I am working on a project that uses a Microchip PIC24FJ256GA702. For several days I have been looking for an intermittent bug with some UART code. It uses an interrupt service routine (ISR) to transmit a buffer named char txBuff[]
and its length int txLen
.
In the main (i.e. not ISR) code I occasionally access the buffer to add bytes or to see how many bytes are left to transmit. To ensure the main code sees a clean copy of the buffer it has a critical section in the form:
Disable interrupts
Read and write 'txBuff' and its length 'txLen'
Enable interrupt
There are several ways to disable an ISR on this PIC. Including: Use the DISI
instruction, or clear the GIE
bit, or alter interrupt priority levels.
But I have chosen to clear the interrupt to enable bit of the specific interrupt bit in IECx
. In this case, it is IEC1bits.U2TXIE because I am using UART2. I do this because it is easy, it does not disable unrelated interrupts, and it has always worked well in my other projects. So in C, the critical section is:
IEC1bits.U2TXIE = 0;
copyOfTxLen = txLen;
...
IEC1bits.U2TXIE = 1;
And the disassembly listing starts:
BCLR 0x9B, #7 // disable interrupt
MOV txLen, W1 // read txLen
...
The problem: I am now fairly certain that the ISR occasionally gets called during read txLen
such that copyOfTxLen
ends up being the value of txLen
before the ISR was called, but the remainder of the critical section sees variables in the state they are after the ISR is called.
The question: Is my code faulty? If so how can the fault be avoided?
Some background:
- UART is running at a high speed (250 kBaud) with a PIC24 clock of 8 MHz, a byte every 160 instructions, so the ISR is quite busy and this I think increases the chances of hitting a race condition compared to my previous projects.
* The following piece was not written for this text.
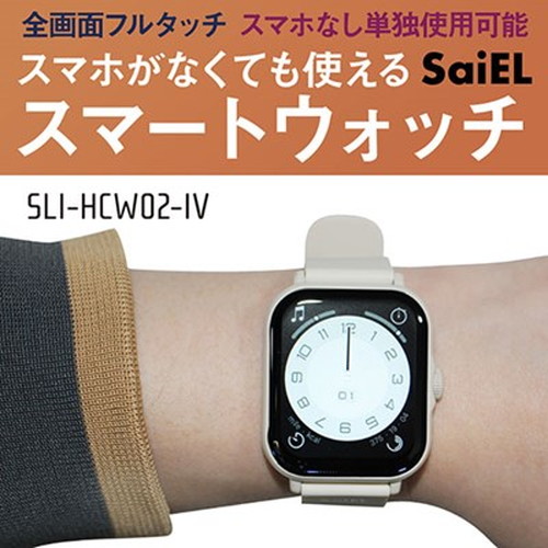 SaiEL スマホがなくても使えるスマートウォッチ 全画面フルタッチ スマホなし単独使用可能 アイボリー SLI-HCW02-IV(代引不可)【送料無料】

- I see dsPIC33/PIC24 Family Reference Manual / Interrupts, section 2.3.1 Note 2 says "There is one cycle delay between clearing the GIE bit and the interrupts being disabled." Now this refers to
GIE
, notU2TXIE
and I am not sure whether it would cause a problem like I am seeing because theMOV
instruction is a 2 cycle instruction. But nevertheless, it looks like a cunning way to trap unwary programmers. - If I try to debug it or add any debug code the already very intermittent problem goes away (feels like a race condition). I don't want to just add some
NOP
s without knowing exactly why I should because race conditions always bite you back unless you actually fix them.